• Exercise
Every line from the one holding "Средняя цена унции" through the one holding "项目拥有约1.1的超低建筑容" in the data below must be returned exactly, both ends included, with pictures left out and nothing else added.

• The data
· · · · · · ·
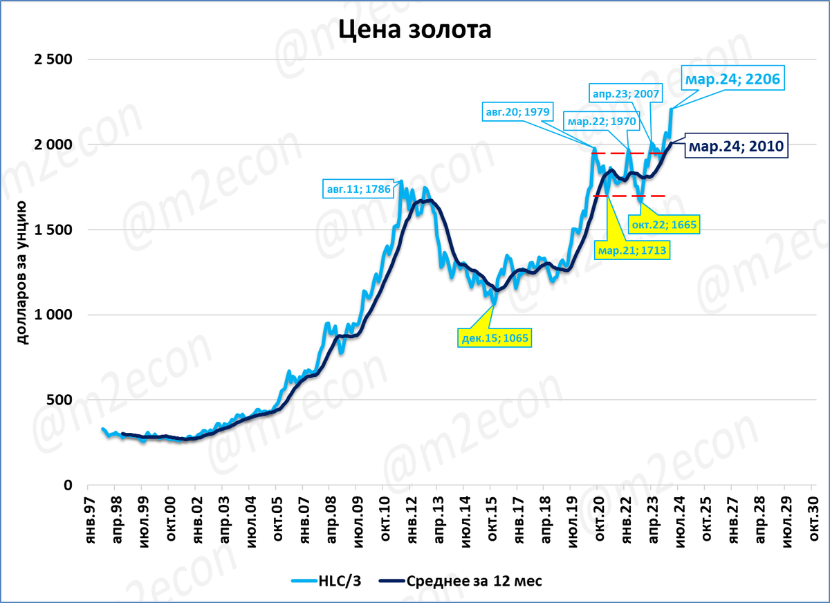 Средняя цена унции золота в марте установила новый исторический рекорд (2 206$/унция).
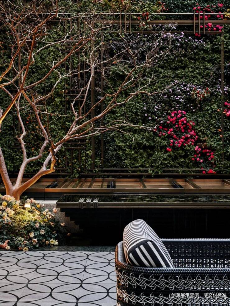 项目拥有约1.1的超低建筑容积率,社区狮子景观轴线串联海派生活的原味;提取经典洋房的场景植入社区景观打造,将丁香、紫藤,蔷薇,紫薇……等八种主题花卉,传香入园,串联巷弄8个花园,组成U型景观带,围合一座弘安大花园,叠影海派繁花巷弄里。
· · · · · · ·
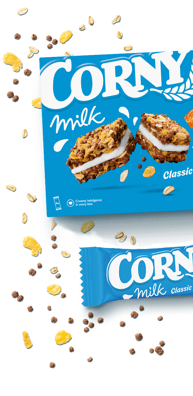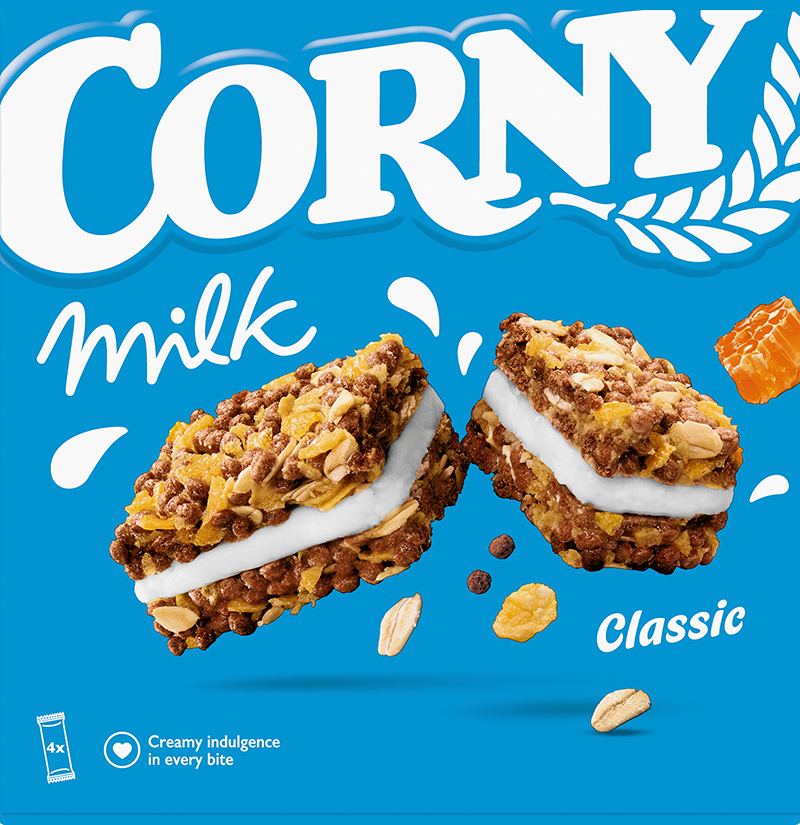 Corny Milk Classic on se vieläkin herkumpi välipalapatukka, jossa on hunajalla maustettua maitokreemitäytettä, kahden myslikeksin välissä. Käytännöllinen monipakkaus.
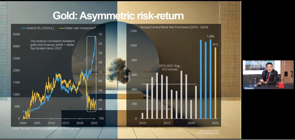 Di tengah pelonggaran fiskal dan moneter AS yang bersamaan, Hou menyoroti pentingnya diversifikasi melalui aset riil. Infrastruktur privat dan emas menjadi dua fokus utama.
· · · · · · ·
• Task response
 Средняя цена унции золота в марте установила новый исторический рекорд (2 206$/унция).
 项目拥有约1.1的超低建筑容积率,社区狮子景观轴线串联海派生活的原味;提取经典洋房的场景植入社区景观打造,将丁香、紫藤,蔷薇,紫薇……等八种主题花卉,传香入园,串联巷弄8个花园,组成U型景观带,围合一座弘安大花园,叠影海派繁花巷弄里。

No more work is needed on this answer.